Sir Horace William Alexander Francis CBE FREng (31 August 1926 – 27 September 2025) was a British civil engineer.

==Background==
Francis was born in Clydebank, Scotland on 31 August 1926 to Horace Fairie Francis and Jane McMinn Murray. He studied at Glasgow's Royal Technical College, which is now part of Strathclyde University. He married, in 1949, Gwendoline Maud Dorricott and had two sons and two daughters. Francis died on 27 September 2025, at the age of 99. His funeral took place at Emstrey Crematorium, Shrewsbury, on 4 November 2025.

==Career==
Francis worked on many construction projects in the United Kingdom and abroad including manufacturing facilities, bridges, power stations and offshore structures. He spent 25 years working with the engineering contractor Tarmac plc and was the company's chief operating officer and vice-chairman. Francis also served as executive director of construction for the Trafalgar House conglomerate and as non-executive director of its oil and gas interests.

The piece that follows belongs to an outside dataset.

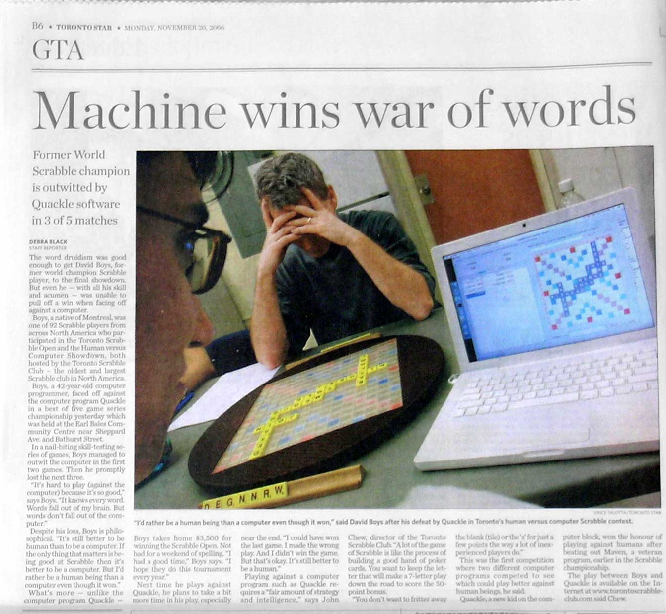 The first Toronto SCRABBLE® Open and Human vs. Computer Showdown

He worked as a government advisor for approximately 30 years, serving on several advisory boards such as the British Overseas Trade Board and the Export Credit Guarantee Department. Francis also worked as a director of the British Railways Board between 1994 and 1997 and as chairman of the Black Country Development Corporation.

On 1 November 1982, Francis was appointed major in the British Army's Engineer and Railway Staff Corps, an invitation-only, unpaid unit of 60 engineering and logistics professionals that provide advice to the British armed forces on specialist and technical matters. He was promoted to lieutenant-colonel on 8 July 1986 and became supernumerary to the unit on 17 August 1992.

==Later life==
Francis worked as director of Peakbeam Ltd and Longden Properties. He was a principal partner in Security Composites Limited, a thermoplastic manufacturer based in Shrewsbury, where he developed a thermoplastic-based formwork for in-situ concrete works.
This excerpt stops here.